Ассистент (СИ) - Скоробогатов Андрей Валерьевич. Страница 8
Затем негромкий голос Самиры спросил:
— Эльдар?
Глава 5
Я бросился в угол камеры. Оттуда дул сквозняк — от пола до потолка между бетонными плитами шла щель шириной с ладонь, сантиметров восемь.
А ещё оттуда на меня смотрел глаз Самиры.
— Эльдарчик! Нас посадили рядом! Как хорошо!
Она просунула в щель руку — длинная, с тонкой ладонью пролезла без труда. В первую секунду я даже не понял, что ей хочется, зачем-то пожал руку, но она выскользнула, погладила меня по голове, по щеке, потроглала щетину и ухо, как будто хотела выразить чувства, но не знала, как.
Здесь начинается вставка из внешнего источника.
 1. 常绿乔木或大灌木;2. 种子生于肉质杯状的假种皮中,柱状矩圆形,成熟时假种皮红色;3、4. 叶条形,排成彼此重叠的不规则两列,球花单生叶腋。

Я поймал ладонь, прижал к губам, поцеловал.
— Все нормально. Мы вместе. Почти.
— Удивительно, зачем они сделали такую щель. И что посадили нас рядом.
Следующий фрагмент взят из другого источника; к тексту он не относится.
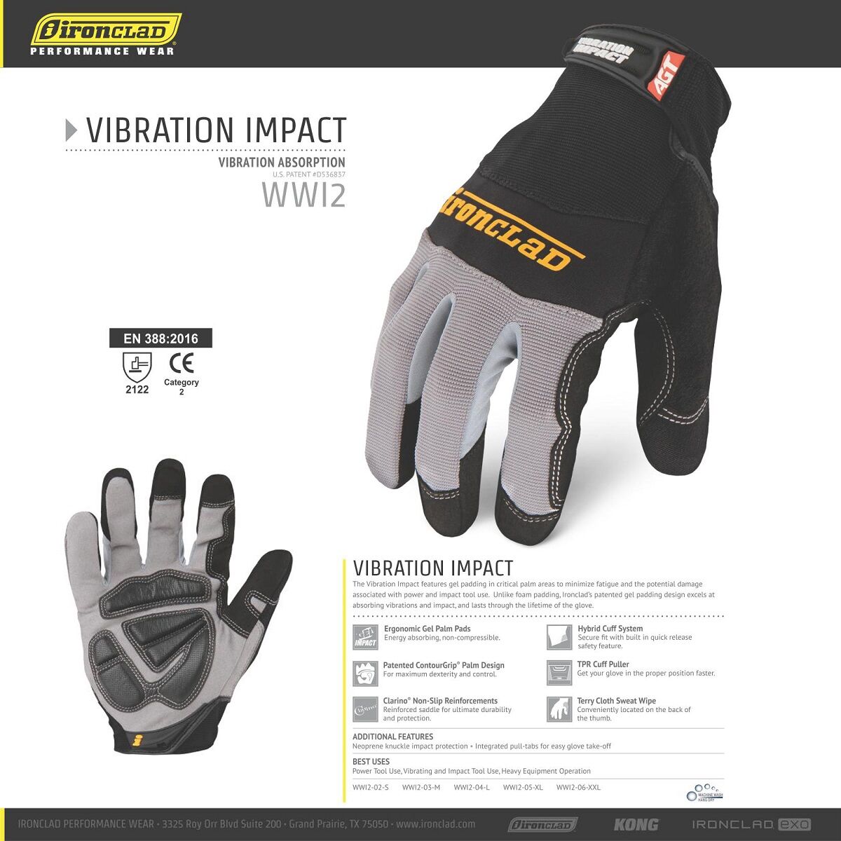 Găng tay này có lớp đệm gel ở những khu vực quan trọng của lòng bàn tay để giảm thiểu sự mệt mỏi và thiệt hại tiềm ẩn liên quan đến việc sử dụng công cụ tác động và sức mạnh. Không giống như đệm bọt, nén và nhanh chóng hư hỏng, thiết kế đệm gel được cấp bằng sáng chế của Ironclad có khả năng hấp thụ rung động và va đập vượt trội và kéo dài suốt tuổi thọ của găng tay.

— Наверное, для вентиляции. И чтобы мы не свихнулись от одиночества. Все равно с ошейниками, и передать ничего серьёзного друг другу не сможем.
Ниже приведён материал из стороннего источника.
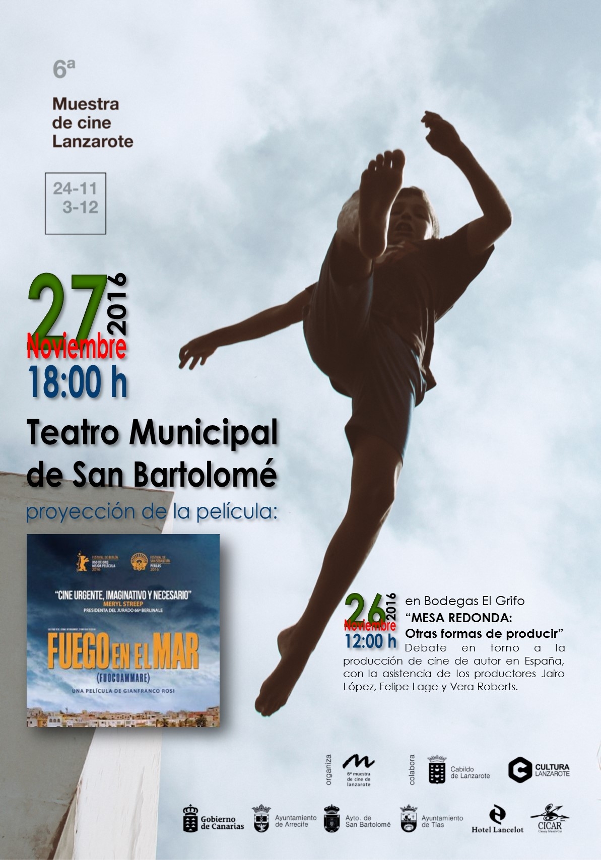 Organiza: 6º Muestra de cine de Lanzarote, colabora Ayuntamiento de San Bartolomé a través del área de cultura y Bodegas El Grifo.

— Он тебе сказал, да? Этот Каяно. Что будет менять нас на военнопленных, которых ещë нет?
— Сказал.
— И что не меньше месяца?
Я покачал головой.
— Про сроки я не спросил. Но понятно, что не меньше.
— А что за опыты будут делать?
— Явно что-то по поводу навыков.
Хотел ещё добавить для уверенности «резать, наверное, не будут» — но не стал. Не хотелось быть голословным. Самира снова потянулась ко мне рукой.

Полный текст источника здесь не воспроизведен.